Były prezes Orlenu Obajtek wezwany do prokuratury - grozi 10 lat więzienia

8 godzin temu
Na 12 listopada Prokuratura Regionalna w Warszawie zaplanowała przesłuchanie europosła PiS Daniela Obajtka – potwierdziły nieoficjalne źródła PAP zbliżone do prokuratury. Chodzi o śledztwo ws. zawarcia przez firmę Orlen dwóch umów na usługi detektywistyczne z firmą wskazaną przez Obajtka. PAP

Daniel Obajtek, były prezes Orlenu i europoseł PiS, został wezwany do Prokuratury Regionalnej w Warszawie na 12 listopada. To pierwszy krok po uchyleniu jego immunitetu przez Parlament Europejski w październiku. Może usłyszeć zarzuty nadużycia uprawnień dla korzyści osobistych, za co grozi do 10 lat więzienia.

Śledztwo dotyczy dwóch kontraktów na usługi detektywistyczne, które Orlen zawarł z firmą wcześniej zapewniającą Obajtkowi ochronę osobistą. Koszt tych usług w latach 2019-2024 wyniósł prawie 3 miliony złotych. Umowy podpisały spółki Orlen Ochrona i Orlen Południe.

Reakcja Obajtka

Obajtek już wcześniej komentował uchylenie immunitetu. Na platformie X napisał: «Parlament Europejski -- tak głośno mówiący o obronie demokratycznych wartości, prawach i swobodach człowieka -- ułatwia ekipie Tuska prowadzenie wobec mnie dalszych represji politycznych». W marcu ubiegłego roku kategorycznie zaprzeczał: «Kategorycznie zaprzeczam doniesieniom, żebym wynajmował jakiegokolwiek detektywa do śledzenia jakichkolwiek posłów».

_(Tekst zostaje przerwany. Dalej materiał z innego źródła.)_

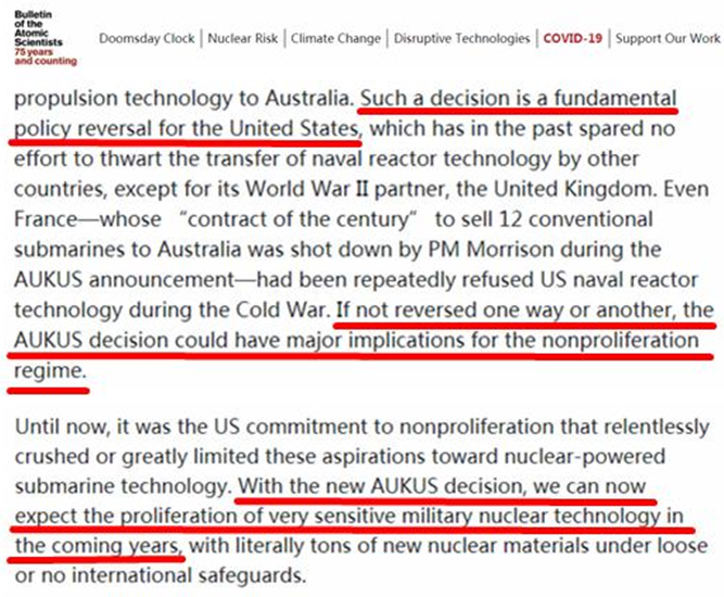 在核领域具有权威影响的《原子科学家公报》杂志刊文警告,随着澳大利亚成为世界上第一个拥有核潜艇的无核武器国家,可以预见,“非常敏感的军事核技术未来几年将在宽松或没有国际保障的情况下发生扩散”。
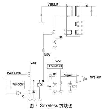 施加到電容上的電壓源提供對電壓有負(fù)90°相移的電流。所以當(dāng)電流上升到零點時,電壓便對應(yīng)于其峰值。所述的Soxyless技術(shù)包含檢測正柵極電流的過零檢測器(ZCD)以確定“谷點”的出現(xiàn)。

Przedstawiciel byłego prezesa Orlenu odmówił komentarza w sprawie wezwania. Mecenas Bartosz Grube wyjaśnił w rozmowie z Onet 7 października: «Panowie Obajtek i Dworczyk teraz mogą tylko jedno -- czekać na ruch prokuratury. jeżeli ta ich wezwie, muszą się stawić. jeżeli się nie stawią, to śledczy podejmą dalsze kroki, zmierzające do ich przymusowego doprowadzenia».

Stanowisko Orlenu

Orlen potwierdził współpracę z firmami detektywistycznymi. Przedstawiciele koncernu wyjaśnili w oświadczeniu dla Radia Zet: «Potwierdzamy, iż spółki z Grupy Orlen współpracowały ze wskazanymi podmiotami w latach 2019-2024. kooperacja polegała m.in. na przygotowywaniu publicznie dostępnych na stronach www spółki dokumentów».

Uwaga: Ten artykuł został stworzony przy użyciu Sztucznej Inteligencji (AI).